In a previous post, I presented data showing that the contribution of fielding to variance in run prevention had declined about 75% in the last few decades. I now want to look at a related phenomenon.
I’ll call it rfield inflation. It looks like this:
“Rfield” is the fielding component of WAR. It represents “the value in runs of all aspects of the player’s fielding.”
In the 1950s and ’60s, one unit of rfield equated to one run saved, as it is supposed to. But thereafter, it tanked. In the 2024 season, one unit of rfield was worth about 0.5 runs saved.
This is only an indirect consequence of the increasing contribution of fielding-independent pitching or “FIP” (strikeouts, walks, home runs allowed) to run prevention. Skillful fielding, it’s true, contributes less than previously to avoiding runs. But that just means better-than-average play should be awarded less rfield credit—and worse-than-average charged less—than in previous years. If the calibration of rfield had tracked the contribution of fielding to runs saved, a unit of it would have remained worth one run avoided over time. But because that hasn’t happened, fielding play today is being appraised at a rate that overstates its consequence by as much as a factor of two.
The result, logically, is a substantial bias in evaluation of the significance of players’ fielding skills on game outcomes.
Let’s consider the case of Derek Jeter.
It’s been claimed that Jeter “could be worst short defensive short stop of all time.” Baseball Reference records his career rfield as -253 or 253 extra runs incurred—0.11 runs per game.
But that’s a demonstrable over-estimation.
We can correct for rfield inflation with the fielding regression model used to generate the above figure, which tracks the actual impact of a unit of rfield in runs allowed across seasons.
For this purpose, we should exclude the 1990s. As I explained in my previous post, a short period of bad data renders rfield unreliable for a significant portion of that decade, as has been chronicled by Sean Smith in his book War in Pieces.
So let’s confine ourselves to the years 2000-2014, which make up 77% of Jeter’s career. During those seasons, Jeter was credited with an rfield of -224 in approximately 2109 games played.
But that assumes a unit of rfield was worth one run saved. It wasn’t.
If we perform the appropriate conversion to compensate for rfield inflation (the failure to recalibrate rfield as the relative contribution of fielding to runs saved declined) over the period of 2000-2014, we get -186.
If we assume, as seems defensible, that Jeter’s performance in the field between 1994 and 1999 was comparable to his performance thereafter, then he has been blamed for 20% more runs allowed than his play likely cost the Yankees over his career.
So how bad a shortstop was he? Should he be considered the “worst” ever?
I dunno. But I do know it makes sense to remove what rfield inflation has added to the debate. A 20% misestimation is pretty substantial, as measurement goes, and could have an even more dramatic impact in other settings (take a look at the distortion of the all-time ranking of defensive runs saved by third basemen, e.g.).

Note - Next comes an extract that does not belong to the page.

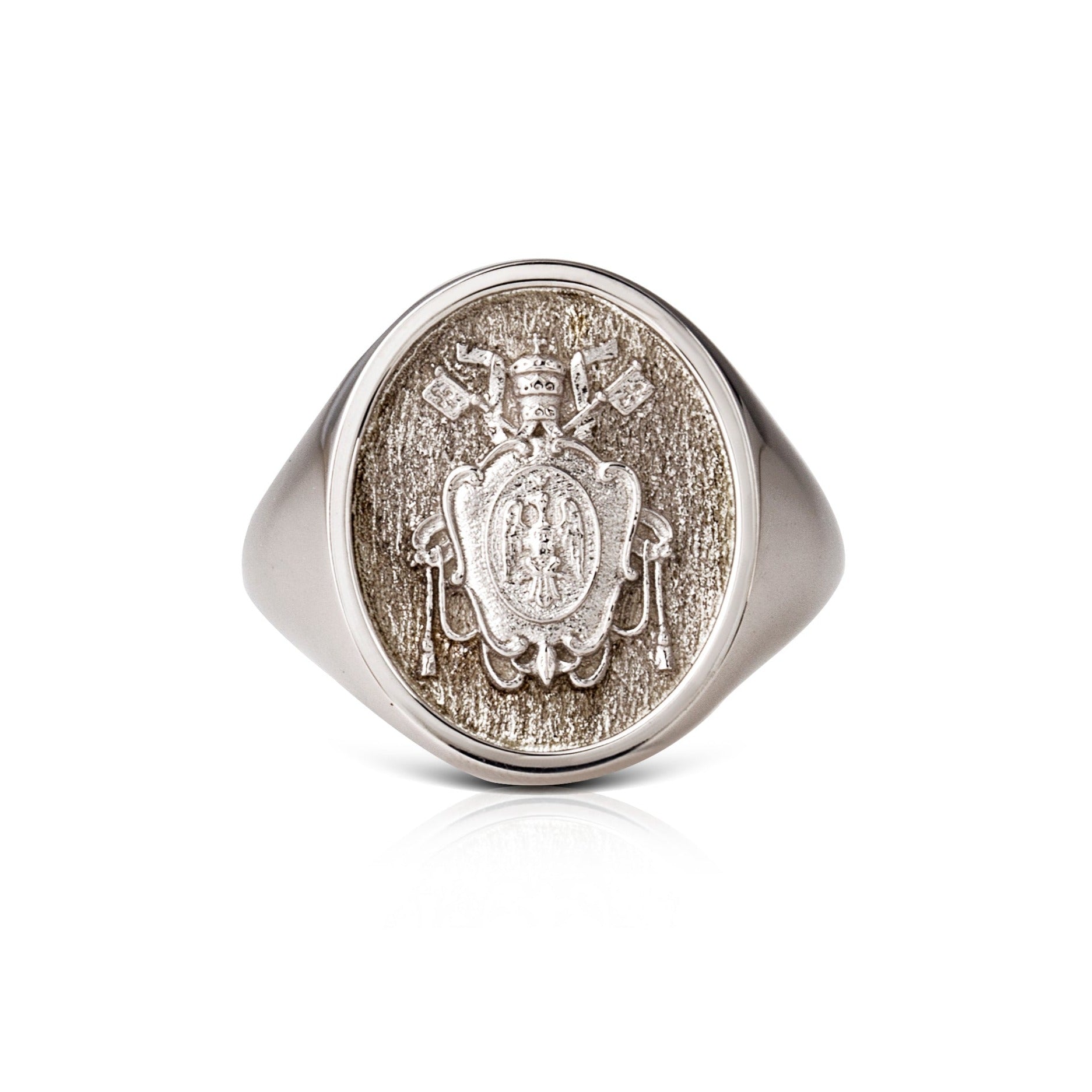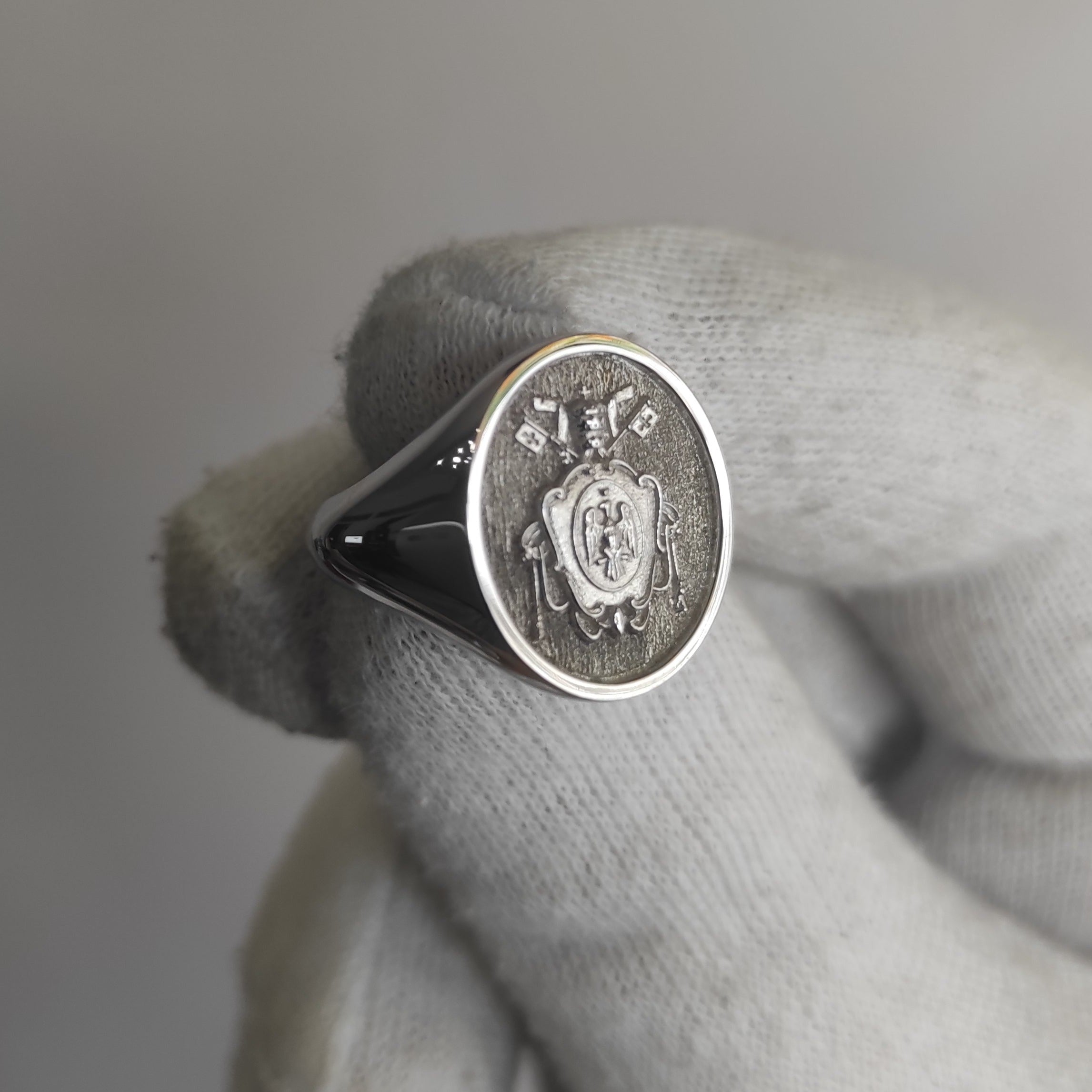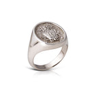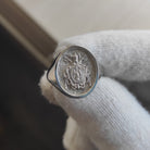 A Custom Family Crest signet ring made out of 9K Solid Gold, 14K Solid Gold, or 18K Solid Gold. Choose a Yellow Gold, White Gold, or a Rose Gold finish.

I want to conclude with one important point intended to avoid possible confusion about this analysis. Nothing about rfield inflation implies that rfield is an invalid measure of fielding proficiency.
On the contrary, my analysis in the last post strongly supports the validity of the measure, not only in the period since 2003, when Baseball Reference began to use Baseball Info Solutions digital evidence, but also before then, when rfield was based on Sean Smith’s ingenious coding of play-by-play summaries in retrosheets.
Aside from a period in the 1990s, rfield has always made a very valuable contribution to a model that, along with FIP, does an extremely impressive job in explaining variance in runs allowed at the team level. Such an analysis shows that fielding has grown progressively less important as a style of pitching that features spiraling strikeout rates has taken hold. But that is something we can discern precisely because rfield is a valid measure of what fielding adds to averting runs.
Rfield inflation is rather a failure to update. The model used to determine the contribution of fielding apparently hasn’t been re-tested over time to see if the precise weight it is attributing to fielding proficiency is continuing to make the contribution to runs avoided that units of the metric are represented as reflecting, viz., runs avoided.
That’s easy enough to fix. But the failure to make this correction can lead to some serious distortions in evaluating the consequence of how differences in players’ fielding skill—positive or negative—actually affect the fates of their teams.